#### DATA SUPPLIED ####
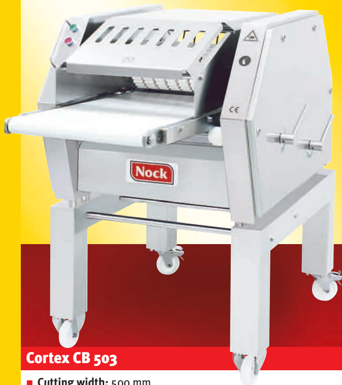
Cortex CB 503

The conveyORIZED NOCK derinding machines for industrial use are equipped with long conveyors and operate with high cutting speeds. They may not be operated in open top (manual) operation.
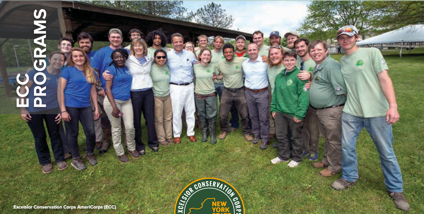
Excelsior Conservation Corps AmeriCorps (ECC)
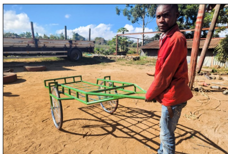
Bicycle Ambulance in Makanjira Village

On 15th January, we sent MK750,000 (£344) for a bicycle ambulance. It has been located in Makanjira village and was provided at the time when the people in this village were facing serious problems with cholera patients needing to be taken to the nearest clinic and also for carrying the dead bodies from the hospitals to their homes for burial.
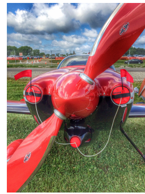
Van's RV-7 Engine Inlet Plugs
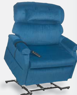
Comforter Super 33 Wide PR-502
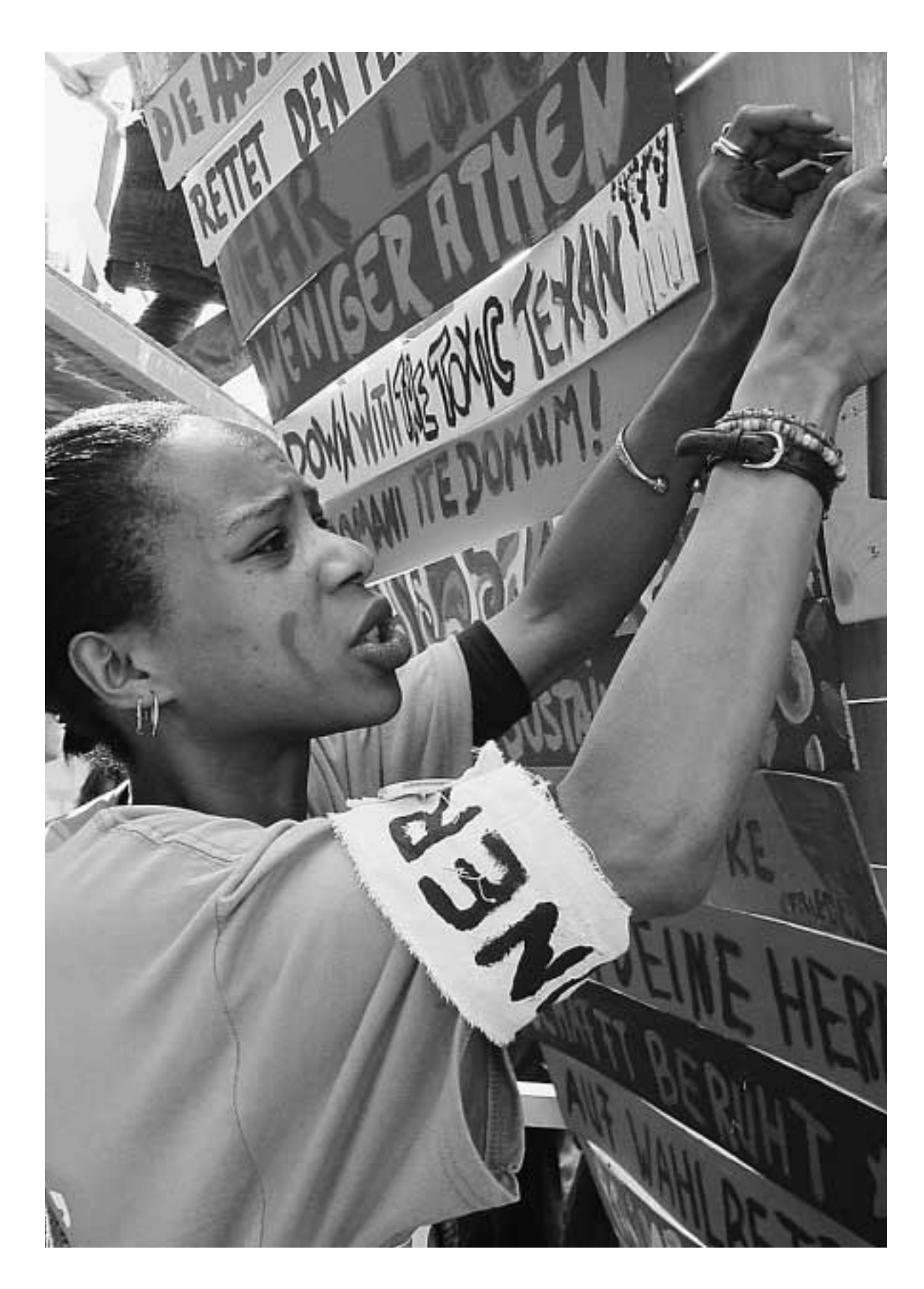
The Lifeboat: Friends of the Earth action on climate change (Bonn 2001)
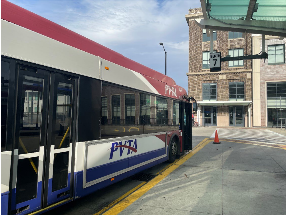
A Pioneer Valley Transit Authority bus parked outside of Springfield Union Station, November 2024
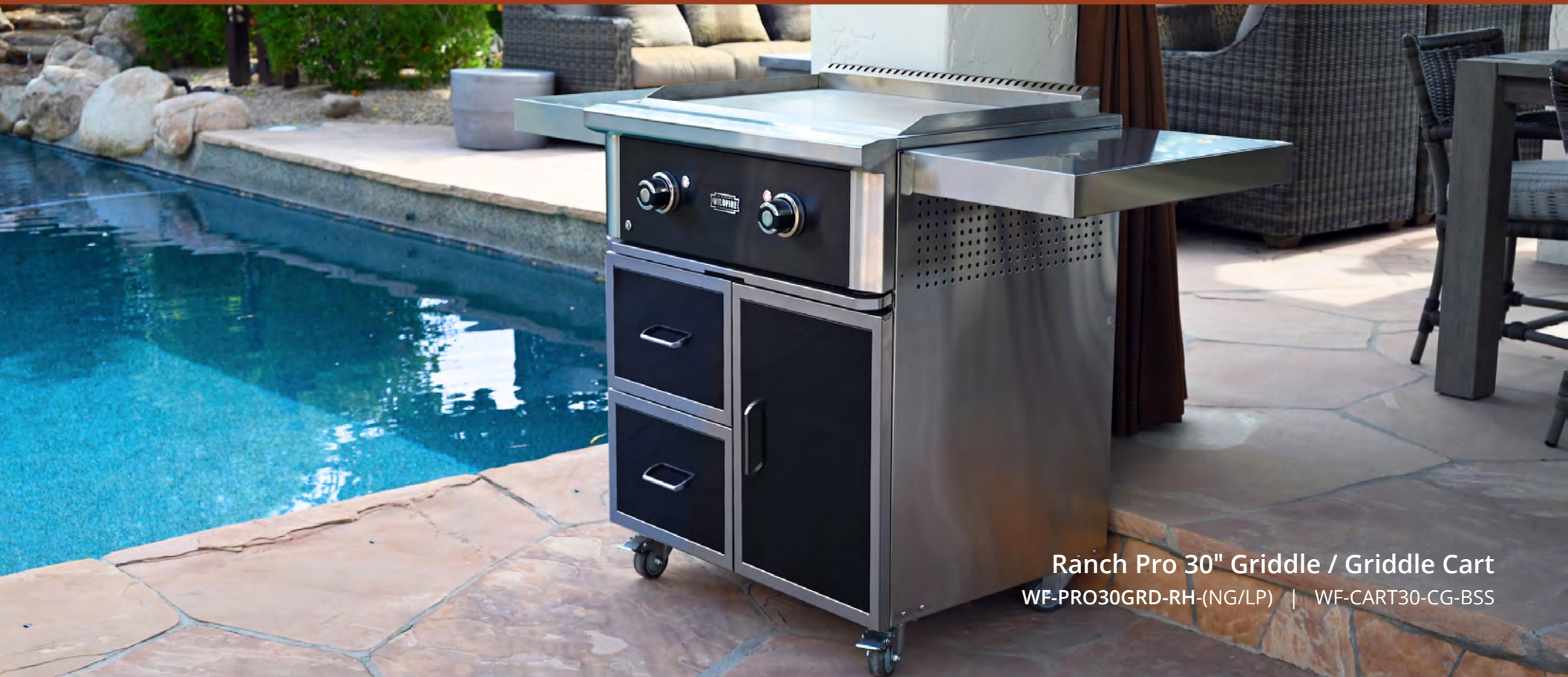
Ranch Pro 30" Griddle / Griddle Cart WF-PRO30GRD-RH-(NG/LP) | WF-CART30-CG-BSS

Effortlessly smooth cooking from breakfast to dinner. Stainless steel surface griddle is perfect for cooking your favorite type foods.
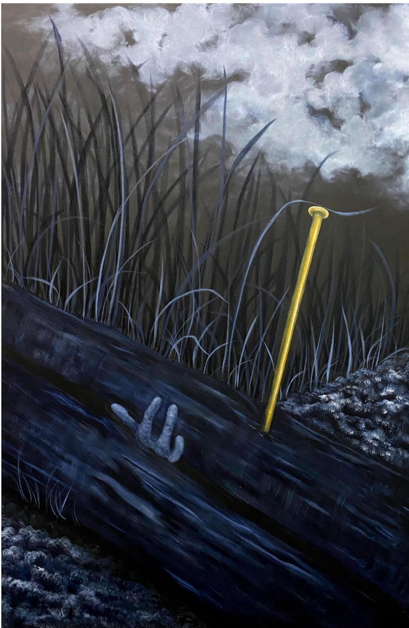
Last nail Acrylic on canvas 90 x 60 cm 2021 RM 1,200.00
####
PROBLEM TO SOLVE → Print the data again, word for word, without any pictures.

EXERCISE RESPONSE →
Cortex CB 503

The conveyORIZED NOCK derinding machines for industrial use are equipped with long conveyors and operate with high cutting speeds. They may not be operated in open top (manual) operation.
Excelsior Conservation Corps AmeriCorps (ECC)
Bicycle Ambulance in Makanjira Village

On 15th January, we sent MK750,000 (£344) for a bicycle ambulance. It has been located in Makanjira village and was provided at the time when the people in this village were facing serious problems with cholera patients needing to be taken to the nearest clinic and also for carrying the dead bodies from the hospitals to their homes for burial.
Van's RV-7 Engine Inlet Plugs
Comforter Super 33 Wide PR-502
The Lifeboat: Friends of the Earth action on climate change (Bonn 2001)
A Pioneer Valley Transit Authority bus parked outside of Springfield Union Station, November 2024
Ranch Pro 30" Griddle / Griddle Cart WF-PRO30GRD-RH-(NG/LP) | WF-CART30-CG-BSS

Effortlessly smooth cooking from breakfast to dinner. Stainless steel surface griddle is perfect for cooking your favorite type foods.
Last nail Acrylic on canvas 90 x 60 cm 2021 RM 1,200.00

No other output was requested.